Any ftp client can be used to connect to CEDA's ftp arrivals server:
After logging in with your CEDA account credentials you will arrive at your delivery area which will contain sub-directory for each data "stream" to which you are permitted to deposit data. If you are unable to locate the required sub-directory or are unsure which one to use please contact your CEDA team liaison.
If possible, please use a temporary filename during transfer and rename the file once the file has completed transferring to ensure that we are able to distinguish partially and completely transferred files.
Please note - we ask depositors not to deposit any files in to their top folder, but to always use one of the available sub-folders (Please see the note above about ingestion streams)
Details of how to use ftp are available here (note, the general ftp guide has been written using the download ftp server, as opposed to the upload ftp server).
Once you have your RSYNC server account login (this is different from your normal CEDA account login - available from your CEDA team liaison officer) data can be rsynced as follows:
rsync -av --password-file=<path to password file> <path to source> <ceda account id>@arrivals.ceda.ac.uk::<ceda_account id>/<TARGET_DIR>
rsync -av --password-file=mypasswordfile.txt data_dir email@example.com::fbloggs/upload_dir
- the double colon between the arrivals.ceda.ac.uk URL and the users account ID.
- The option to use a a file to hold the rsync account password is shown above - recommended for routine deliveries, but may not be needed for rsync transfers by hand.
- If the password file approach is used (see note 2) then the password file needs to be set as only user r/w privileges - i.e. it should show as having permissions: "r-w------". Otherwise a "password file must not be other-accessible" error will occur.
- other rsync options can also be used e.g. –a for recursing down through the source
- If you want to rsync contents of a source directory over you need to add a trailing slash ("/") to the source path.

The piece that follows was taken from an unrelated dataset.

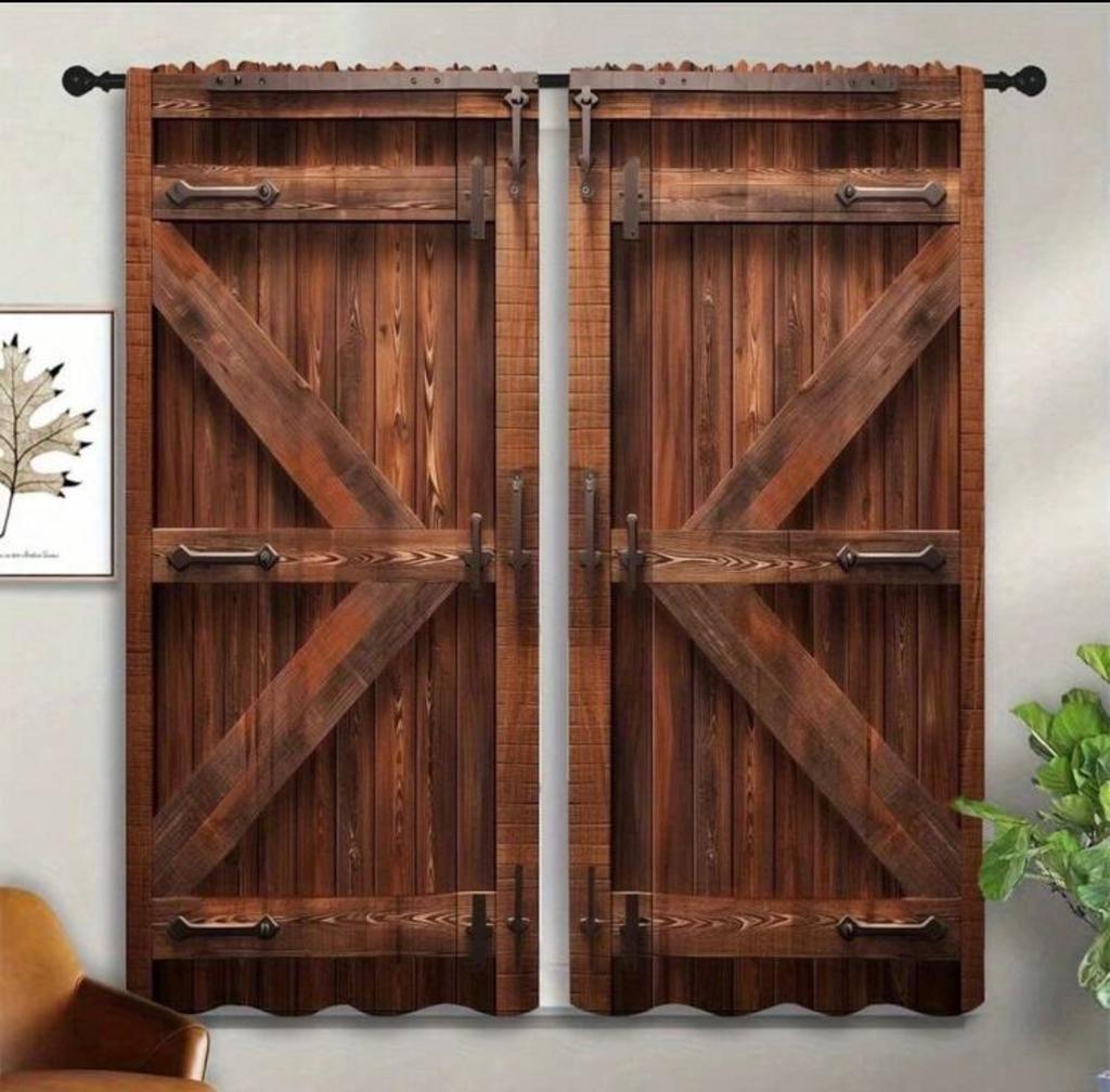 Retro wooden door pattern printed curtains, pole bag curtains, bedroom and living room, home decoration, room decoration

No trailing slash will be needed for the target directory path though
Please be aware, however, that RSYNC will carry out a full comparison between the source and destination. Thus, if you wish to send only a few files from your source to update the CEDA archive holdings then care is needed to avoid unnecessarily transferring large parts of the source to the CEDA system
After logging in with your CEDA account credentials you will arrive at your delivery area which will contain sub-directories for each data " ingest stream" to which you are permitted to deposit data. If you are unable to locate the required sub-directory or are unsure which one to use please contact your CEDA team liaison.
Please note - we ask depositors not to deposit any files in to their top folder, but to always use one of the available sub-folders.
Ingest from Group-workspaces/Project-spaces
CEDA supports projects through shared storage spaces such as JASMIN group workspaces or FTP project spaces. Users of these services should understand that:
- this is NOT the archive - placing data into these areas will not constitute having deposited data in the CEDA archive
- the group-workspaces/project-spaces are NOT managed by CEDA and so content should be considered at risk
However, it is possible to prepare a dataset in these areas for eventual ingestion into the archive. If you wish to do this please contact your CEDA support officer in the first instance to discuss ingestion into the archive as it may be possible to ingest directly from these areas.